Reports of physical violence were not mentioned in the email. Galindo-Roybal then outlined initiatives GUSD is currently undertaking to combat anti-Blackness in schools: mental health support at every school, a districtwide equity audit, mandatory implicit bias training for employees, anti-bias training for staff, monthly board reports on the topic of “Diversity, Equity, Inclusion” and a Social Justice and Equity Task Force to develop the GUSD Diversity, Equity and Inclusion Plan.
“Our response to inappropriate and unsafe behavior will be developmentally appropriate to the age and maturity of the individual,” Galindo-Roybal said. “We will strive to address and correct behavior in a manner that upholds the dignity of the child.”
On Nov. 9, Galindo-Roybal called Sieghart to offer condolences, Sieghart said, and Sieghart responded expressing her frustration with the lack of communication from the district and general avoidance of discussing anti-Blackness.
“[Galindo-Roybal] assured me she would get in touch with [GUSD Assistant Superintendent] Amanda Martinez, to understand the formal process of what should happen as far as reporting assaults such as these, and that she currently was not aware of the process and/or if there was a report for situations such as this,” a Nov. 11 email from Sieghart to district employees obtained by the Nexus stated.
Sieghart said she met in person with Miller, her son’s teacher, a district employee and Brandon Elementary School psychologist Kevin Delgado on Nov. 14. The school offered for Sieghart’s son to see the school psychologist and to transfer both of Sieghart’s children to Ellwood Elementary School, another school in the district. The school informed Sieghart that the Brandon School psychologist was not versed in racial trauma or addressing anti-Blackness, and since Ellwood was still within GUSD, Sieghart did not accept the offers as solutions, she said.
GUSD provided no comment on the capacity of their counseling staff to address racial trauma.
“If he can’t support my son who has just experienced an anti-Black racist attack, then how does that help my son? And basically, that’s really all they offered,” Sieghart said.
As co-founder of Healing Justice Santa Barbara, Sieghart offered to connect the school with The Healing Space at UC Santa Barbara — a group of all-Black student clinicians and psychologists that offer free therapy for Black community members. According to Healing Space faculty advisor Alison Cerezo, their colleague reached out to GUSD and was told the district is already bringing in a consultant to work on anti-Black racism.
Following the Nov. 14 meeting, Sieghart said she received an email from a district employee recounting the meeting, primarily noting that Sieghart and her husband denied the offered resources. Sieghart said she hasn’t heard from them since.

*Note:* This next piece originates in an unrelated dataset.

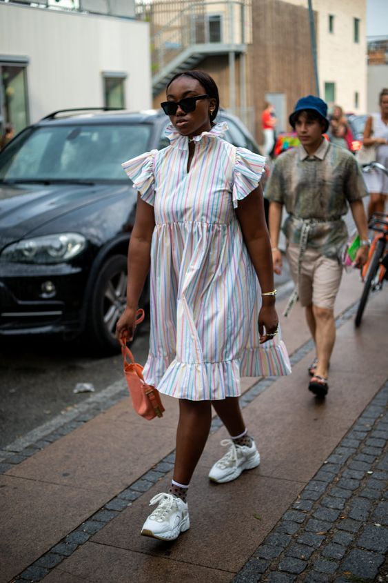 Par exemple, pourquoi est-il tout à fait possible d’être élégante en baskets avec les jupes et les robes ?

“I haven’t heard from any board members. I haven’t heard from the superintendent. I haven’t heard from the Pupil Services,” Sieghart said. “It’s like they all moved on.”
GUSD provided no comment on when the last point of correspondence with Sieghart was.
Since the incident, Sieghart ran for an empty seat on the Santa Barbara Unified School District Board of Education against Julian Sarafian, but lost.
Sieghart urged the district to implement anti-racist education for their students, along with tangible solutions to address the systemic anti-Blackness affecting those enrolled in GUSD schools.
“I do believe that when things like this happen, children have to understand the severity of it, and I don’t think Brandon School or Goleta Union School District did a good job at harnessing this moment and using it to reinforce anti-racist rhetoric and ideology within their system,” Sieghart said.
A version of this article appeared on p. 1 of the Jan. 26, 2023, print edition of the Daily Nexus.